Tous les métiers et les formations initiales en île-de-France

Tous les métiers et les formations initiales en île-de-France

Béatrice Moisson

Entrepreneuse (91)
Date de l'interview : 10/11/2015

Contrairement à des structures lourdes, qui représentent des marques imposant leurs standards, j'ai l'énorme avantage d'avoir une structure de petite taille, voire un peu marginale, mais d'une grande flexibilité.

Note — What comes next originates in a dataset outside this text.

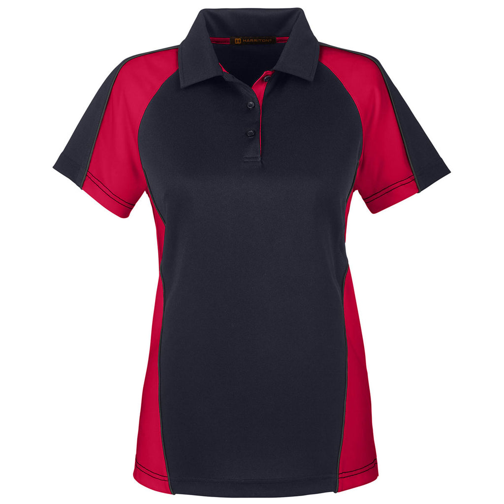 Harriton Women's Black/Red/Dark Charcoal Advantage Snag Protection Plus Colorblock Polo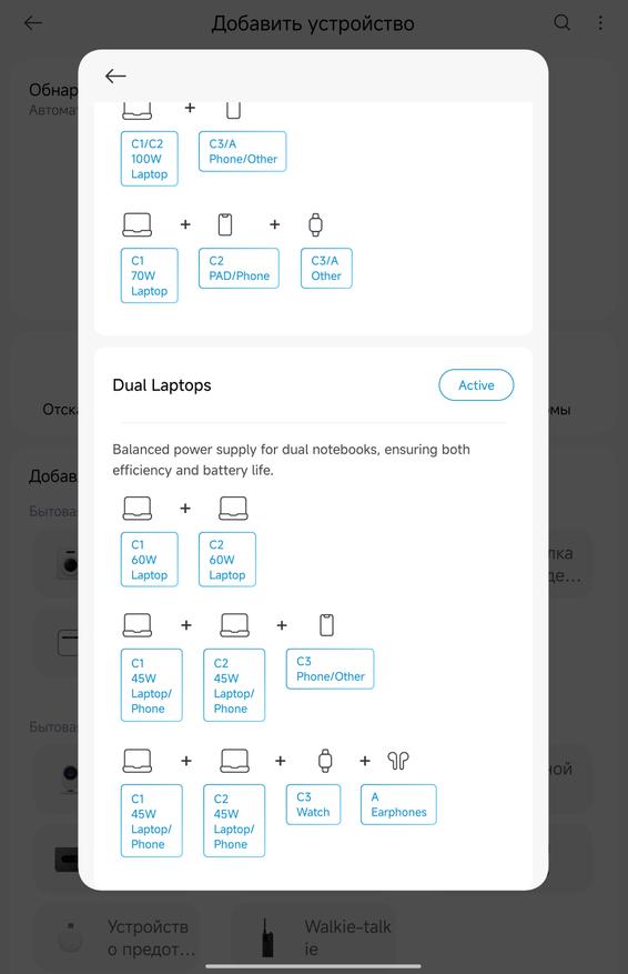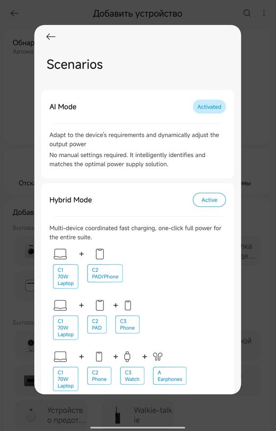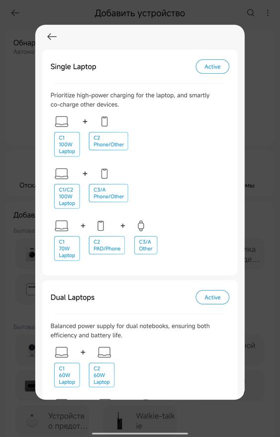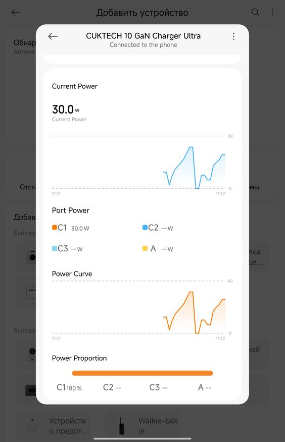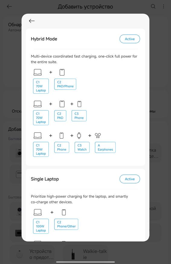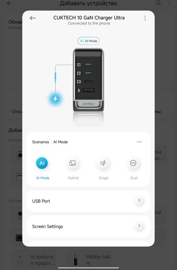 Приложение Xiaomi Home добавляет неожиданно полезный функционал. Зарядка определяется автоматически через Bluetooth, после чего открывается доступ к нескольким режимам работы. AI Mode (активен по умолчанию) — автоматически подбирает оптимальную мощность для каждого порта. Hybrid Mode — позволяет настроить приоритеты: например, выделить 70 Вт на ноутбук через C1, а остальное распределить между планшетом/смартфоном на C2. Single Laptop — отдаёт все 100 Вт одному ноутбуку на C1, остальные порты работают на минимуме. Dual Laptops — делит мощность поровну (60 Вт на C1, 60 Вт на C2) или в других комбинациях типа 45+45+остаток. Для большинства людей AI Mode справляется отлично, но если нужна точная настройка — приложение даёт полный контроль. Плюс там же можно регулировать яркость дисплея зарядки и таймер автоотключения экрана. Дополнительно зарядное рисует графики потребления.

Lauréate du trophée 2015 "Espoirs de l'économie en Essonne", Béatrice Moisson évoque son parcours d'entrepreneuse et sa passion pour la moto qu'elle a transformée en réussite professionnelle.

Vous êtes à la tête de Bella Moto, un garage dédié à la réparation et à la vente de motos. Pouvez-vous nous parler de votre parcours ?

J'ai créé ma propre entreprise pour donner une impulsion à ma carrière professionnelle qui n'avançait pas comme je l'avais envisagée en faisant mes choix de formation. Et si je l'ai fait dans le domaine de la moto qui n'a a priori aucun rapport avec mes études et mes diplômes c'est parce que j'ai choisi de faire de ma passion pour la moto un levier de carrière.

Mon parcours étudiant et professionnel a été dicté par des choix de passion plus que de raison et je ne le regrette absolument pas car, s'il a été jalonné de difficultés, je n'ai jamais eu de regret et je me suis plutôt construite en suivant mes goûts, mes valeurs et mes intuitions, alors que le monde professionnel est un peu étriqué et ne laisse que peu de place à l'inventivité de chacun. 

J'ai une fois participé à une table ronde sur les métiers qui s'intitulait " métiers d'hommes, métiers, de femme ? Ouvrons le champ des possibles !" et il est primordial de dépasser les clivages pour que chacun puisse suivre ses envies et s'épanouir dans le domaine qui lui correspond quels que soient les a priori qui y sont rattachés. 

Comment est née cette idée de création d'entreprise ? 

Suite à la fermeture du garage qui m'employait (j'ai été licenciée économique), je me suis lancée dans la création, et je suis restée dans le domaine d'activité qui était la réparation de motos car je m'y étais épanouie et j'avais découvert mon goût pour ce métier. 

J'ai trouvé des locaux, des machines, effectué les démarches pour une ouverture et constitué un stock à partir de rien, avec pour seules ressources financières le solde de tout compte. 

Il faut savoir tirer parti de toutes les circonstances, même celles qui paraissent défavorables et en faire des opportunités ! Un des axes qui guide ma vie, professionnelle ou non, est que nous ne choisissons pas les circonstances, mais la réponse que l'on y apporte. 

D'abord cela m'a permis de développer mon bagage de formation car je ne connaissais pas le commerce ni les spécificités professionnelles du monde de la moto, et je me suis découvert des goûts que je ne pensais pas avoir comme la relation client et les métiers de la vente pure alors que j'avais initialement choisi des formations plus fondamentalement de recherches de travail de fond. Et voilà que je me suis épanouie dans les relations directes, immédiates et surtout purement opérationnelles !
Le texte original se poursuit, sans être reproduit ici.